Assigned task. From first line to last, transcribe the listing exactly and skip any image.

Collected data.
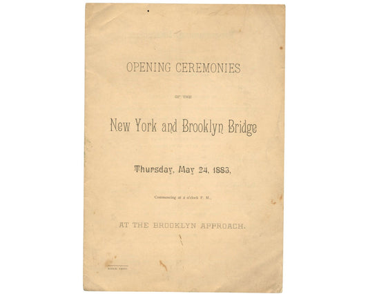 Brooklyn Bridge Opening Ceremonies Program - Rare Relic from the Opening!
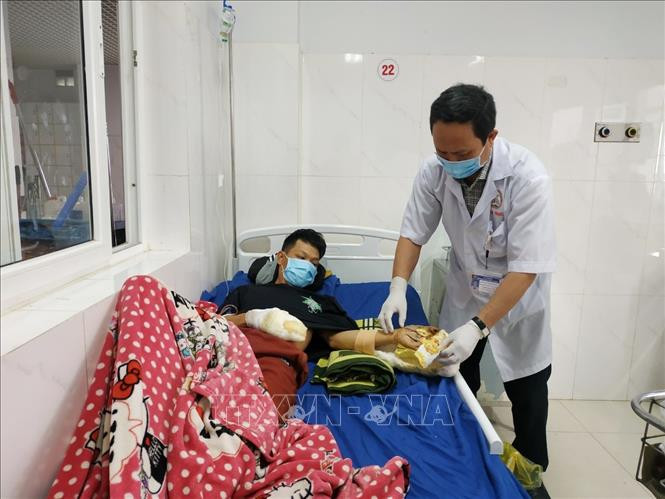 Bác sĩ kiểm tra vết thương cho bệnh nhân bị tai nạn pháo nổ. Ảnh: Tuấn Anh - TTXVN
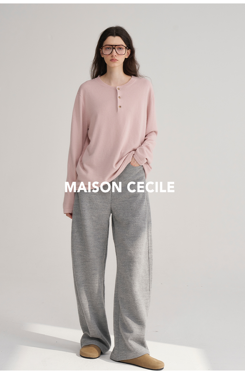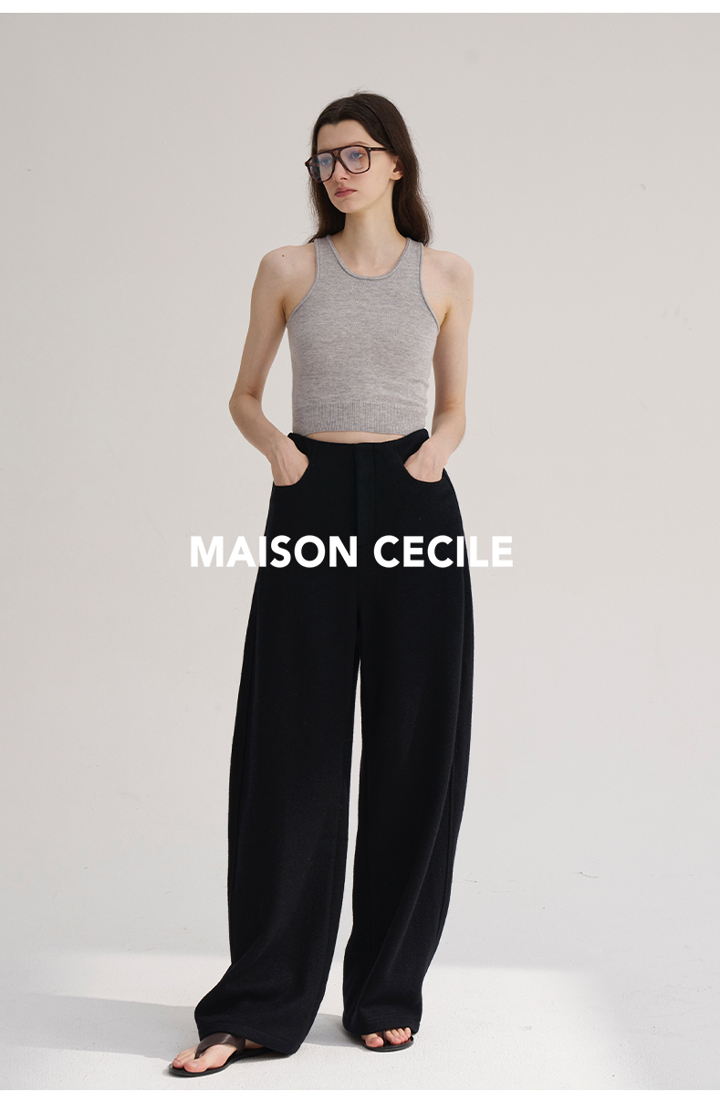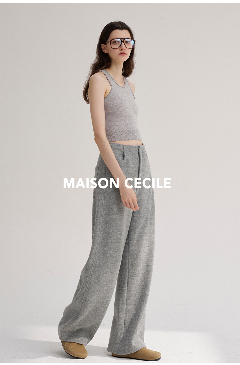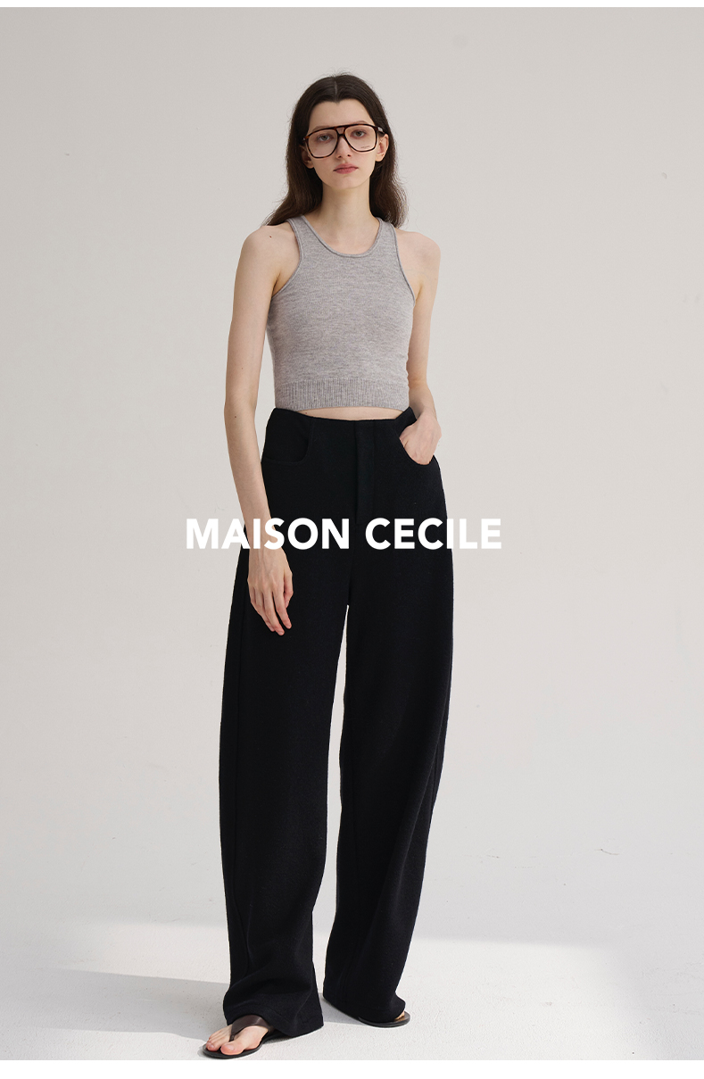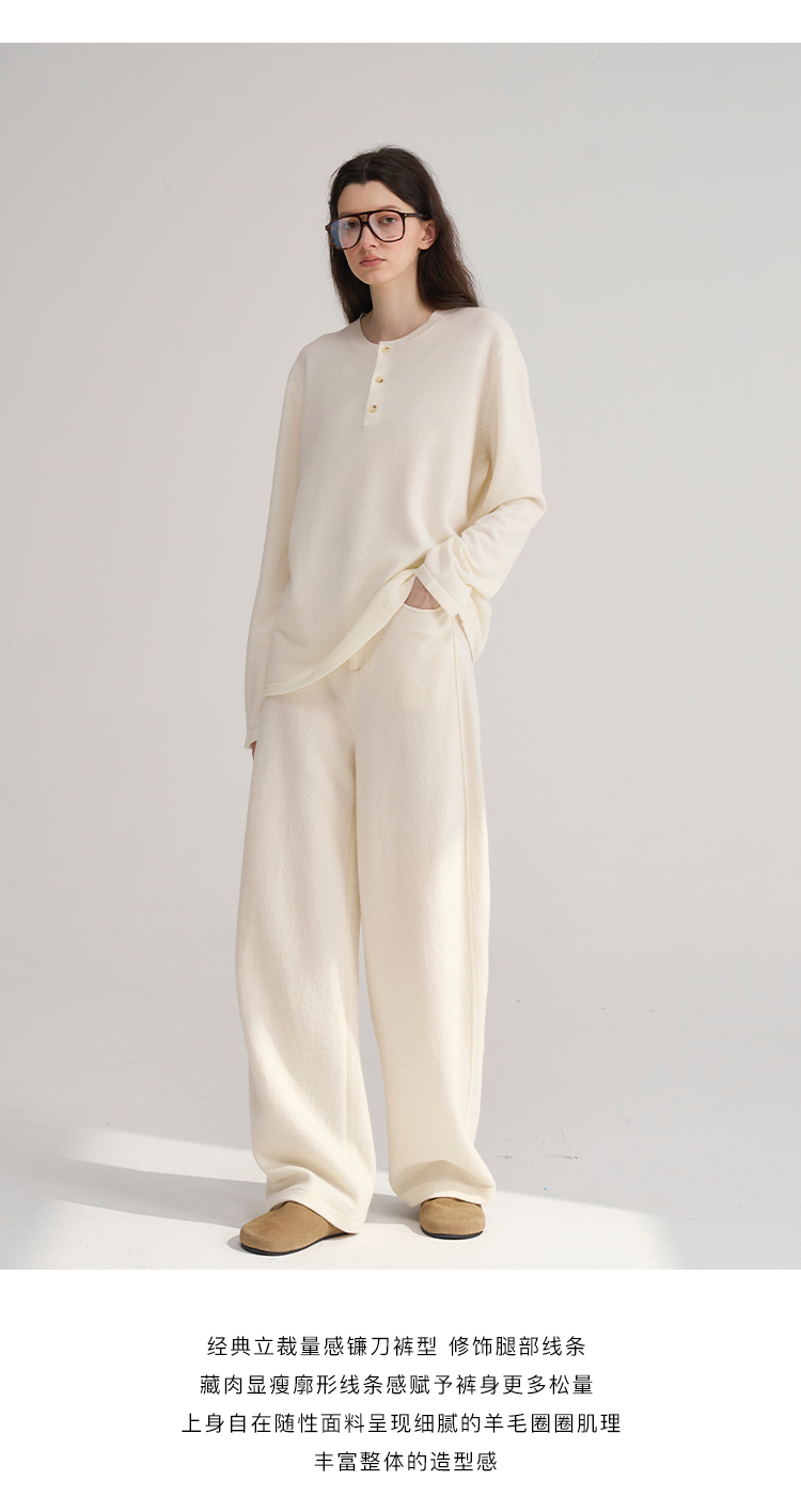 MAISON CECILE冬日6色/圈圈全羊毛保暖厚实修饰腿型镰刀弧形裤

Exercise output.
 Brooklyn Bridge Opening Ceremonies Program - Rare Relic from the Opening!
 Bác sĩ kiểm tra vết thương cho bệnh nhân bị tai nạn pháo nổ. Ảnh: Tuấn Anh - TTXVN
 MAISON CECILE冬日6色/圈圈全羊毛保暖厚实修饰腿型镰刀弧形裤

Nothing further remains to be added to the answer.